Remember when I asked whether Christine Fair should work at the State Department? That was a year ago. She attacked me on Twitter because I had the temerity to call out Joshua Foust's slam of Pussy Riot and cunning defense of the Kremlin as the bad faith it was, and after a bunch of name-calling intoned about me, "She can rumble with the trailer park rabble!" and then called me "cat-hoarding, stalker crazy." I thought that was a horrible way for a future government official to behave -- I'm not sure that she ever got that position, although she might well have - or might not have, for other reasons that unhappiness over her social media outbursts.

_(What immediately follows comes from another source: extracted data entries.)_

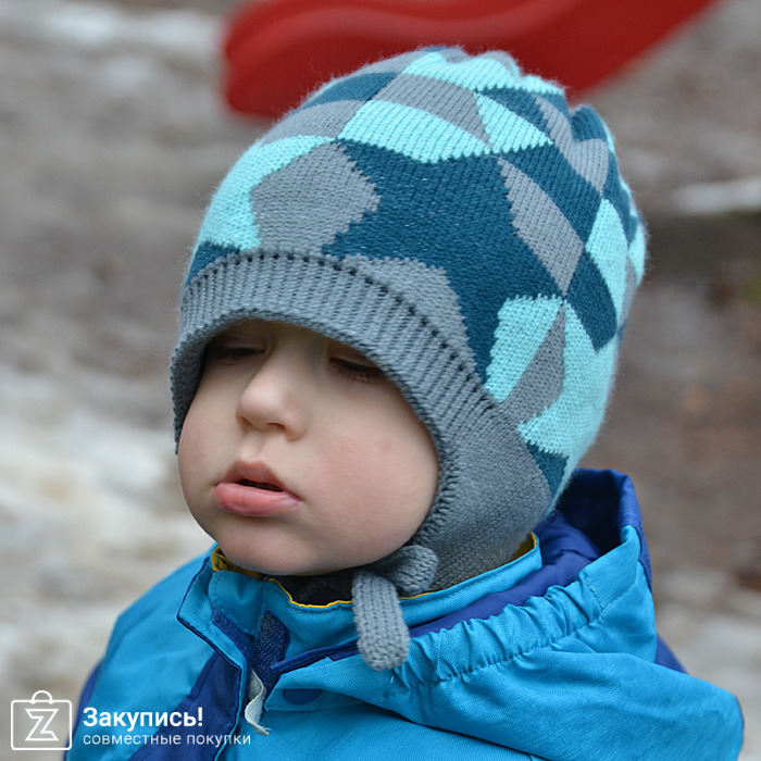 Шапочка на сыне Звездочет с подкладом, цвет т.серый+аквамарин+морская волна, размер 52-54. В прошлом году (на фото) была сильно велика, обхват головы был 48. В этом году вроде бы лучше, голова 49-50. Шапка толстая, на холодную осень-зиму. Шея хорошо закрыта.
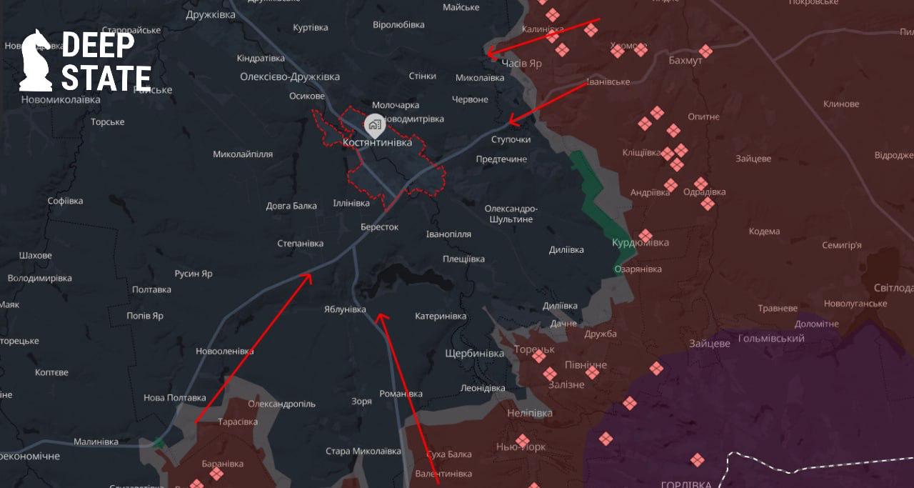 Также продолжает обостряться ситуация для ВСУ к югу от Константиновки.
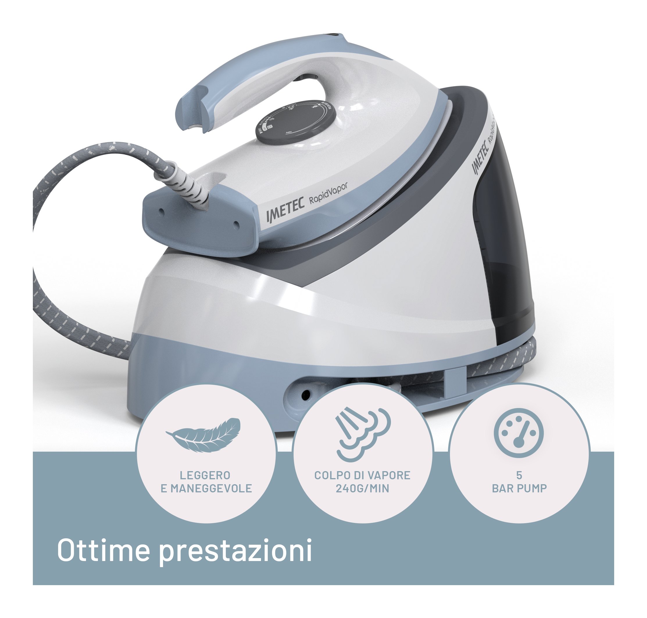 RapidVapor è il sistema stirante pronto in 1 minuto per stirare in modo ultra rapido e con la massima efficacia. Il serbatoio estraibile da 1,2 L, ricaricabile in qualsiasi momento, ti permette di stirare senza interruzioni. La piastra Fluid Ceramic garantisce una super scorrevolezza su qualsiasi tipo di tessuto, dalla seta ai jeans. Grazie al serbatoio estraibile e ricaricabile in ogni momento, è possibile stirare velocemente e senza interruzioni.
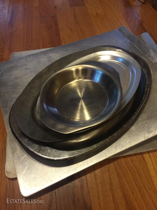 Misc kitchen cookware, pans and mid century stainless serving pieces
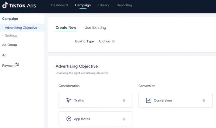 Wer zum ersten Mal über Tiktoks Tool Werbung schalten möchte, muss natürlich zunächst einmal eine neue Kampagne erstellen. Dabei können die Nutzer aus drei Zielvorgaben auswählen: Traffic für eine App oder eine Website generieren, App Installs generieren, oder Conversions (also Transaktionen). Damit die Conversions messbar werden, müssen die Werbetreibenden zuvor (so wie es Standard im Online Marketing ist) einen Tracking-Pixel von Tiktok auf der eigenen Seite oder in der eigenen App einbinden.
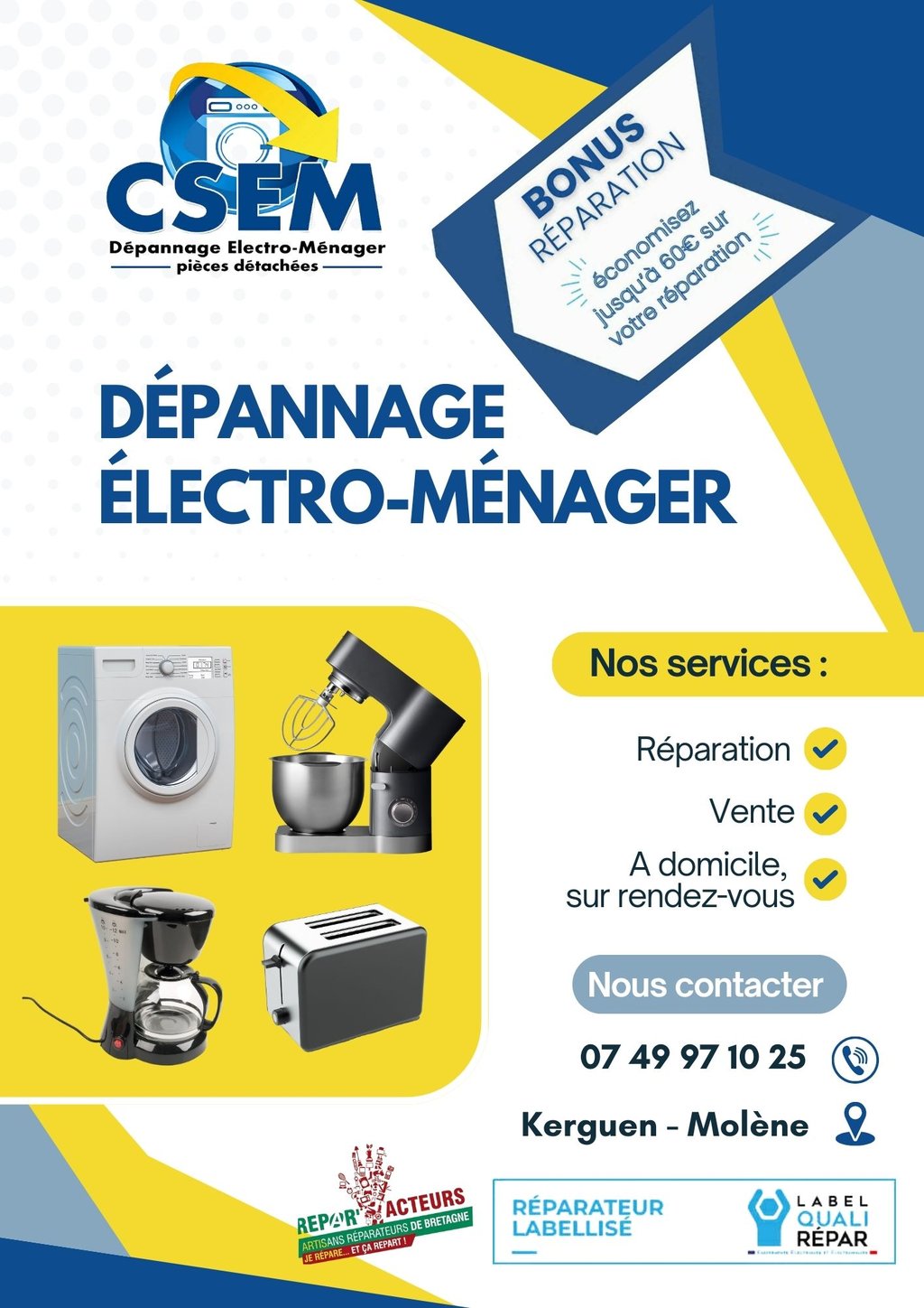 Situés à Brest depuis 1997, nous assurons la réparation et le sav d'appareils électroménager toutes marques.

Ah well, all in a day's work on Twitter, some of the people are like that in Thinktankistan -- nasty, vicious, snarky, horrid on Twitter -- they cross the street to slam you first, and if you fight back, they then portray you as the problem -- and lob off a bunch of awful insults before they hide behind a block and get all their friends to high-five them for their "troll bashing". Sigh.
So listen -- I'm not for taking food off the table of people over speech issues -- in the phrase of Loren Feldman, who has wonderfully pushed back against Anil Dash's awful and vindictive destruction of the now-former Business Insider CTO -- getting him fired and demolishing his chance's of venture capital funding -- over his tweets in bad taste (misogyny, rape jokes).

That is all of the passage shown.